Understanding the Binomial Distribution: Why X=3 is the Most Likely Outcome

Suppose X has a binomial distribution with parameters 6 and 1/2 . Show that X = 3 is the most likely outcome.

The binomial distribution is a fundamental concept in statistics, used to model the number of successes in a fixed number of independent trials with a constant probability of success. In this blog post, we will discuss the binomial distribution with parameters 6 and 1/2, and show why X = 3 is the most likely outcome.

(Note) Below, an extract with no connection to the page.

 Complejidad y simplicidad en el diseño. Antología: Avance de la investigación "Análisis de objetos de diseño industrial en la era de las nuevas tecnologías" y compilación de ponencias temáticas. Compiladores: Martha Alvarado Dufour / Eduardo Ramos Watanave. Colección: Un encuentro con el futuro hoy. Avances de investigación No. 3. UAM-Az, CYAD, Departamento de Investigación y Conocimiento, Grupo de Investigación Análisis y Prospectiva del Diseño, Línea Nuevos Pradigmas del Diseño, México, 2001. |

Suppose we have a random variable X that follows a binomial distribution with parameters n = 6 and p = 1/2. This means that X represents the number of successes in six independent trials, where each trial has a 50% chance of success. To understand the likelihood of different outcomes, we can look at the probability density function (PDF) of the binomial distribution:

P(X = k) = (n choose k) * p^k * (1-p)^(n-k)

where (n choose k) is the binomial coefficient, representing the number of ways to choose k successes out of n trials. Using this formula, we can calculate the probability of each possible outcome for X, ranging from 0 to 6.

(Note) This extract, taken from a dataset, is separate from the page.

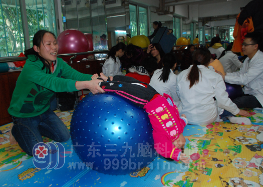 揣着一丝希望,母亲只身带着小丸子从西安来到了广州,住进了广东三九脑科医院脑瘫康复诊疗中心。入院后,医院的医生给她做了详细的检查,王健主任总结病例特点如下:1.运动、智力、语言等功能发育较正常同龄儿迟缓;2.目前患儿1岁4个月抬头有力,但坐不稳,不能翻身,不会爬行,双手不会主动抓握,会认人,不会讲话,对外界声光刺激反应迟钝。3.既往及个人病史:患儿系第二胎,孕七个月在医院出生,出生时体重低,皮肤发紫等窒息缺氧等症状;鉴于以上症状,王健主任指示,加强营养脑神经,促进大脑发育,改善脑循环等药物治疗,配合运动治疗、电疗、针灸等康复综合治疗,加强坐立、爬行、肢体活动等康复训练,降低四肢肌张力,改善四肢运动功能。

X = 0: P(X=0) = (6 choose 0) * (1/2)^0 * (1/2)^6 = 1/64

X = 1: P(X=1) = (6 choose 1) * (1/2)^1 * (1/2)^5 = 6/64

X = 2: P(X=2) = (6 choose 2) * (1/2)^2 * (1/2)^4 = 15/64

X = 3: P(X=3) = (6 choose 3) * (1/2)^3 * (1/2)^3 = 20/64

X = 4: P(X=4) = (6 choose 4) * (1/2)^4 * (1/2)^2 = 15/64

X = 5: P(X=5) = (6 choose 5) * (1/2)^5 * (1/2)^1 = 6/64

X = 6: P(X=6) = (6 choose 6) * (1/2)^6 * (1/2)^0 = 1/64

Notice that the sum of all these probabilities is equal to 1, as expected for any probability distribution.

To find the most likely outcome for X, we can look for the value of k that maximizes the probability P(X = k). This value is known as the mode of the distribution. In this case, we can see that the highest probability occurs for X = 3, with P(X = 3) = 20/64. Therefore, X = 3 is the most likely outcome for the binomial distribution with parameters n = 6 and p = 1/2.

But why is X = 3 the most likely outcome? One way to understand this is by looking at the mean of the distribution, which is given by:

E(X) = n * p

For our binomial distribution with n = 6 and p = 1/2, we have E(X) = 6 * 1/2 = 3. This means that on average, we expect to get 3 successes out of 6 trials. Since the probability distribution is symmetric around the mean, the mode should also occur at the mean, which is the case here with X = 3.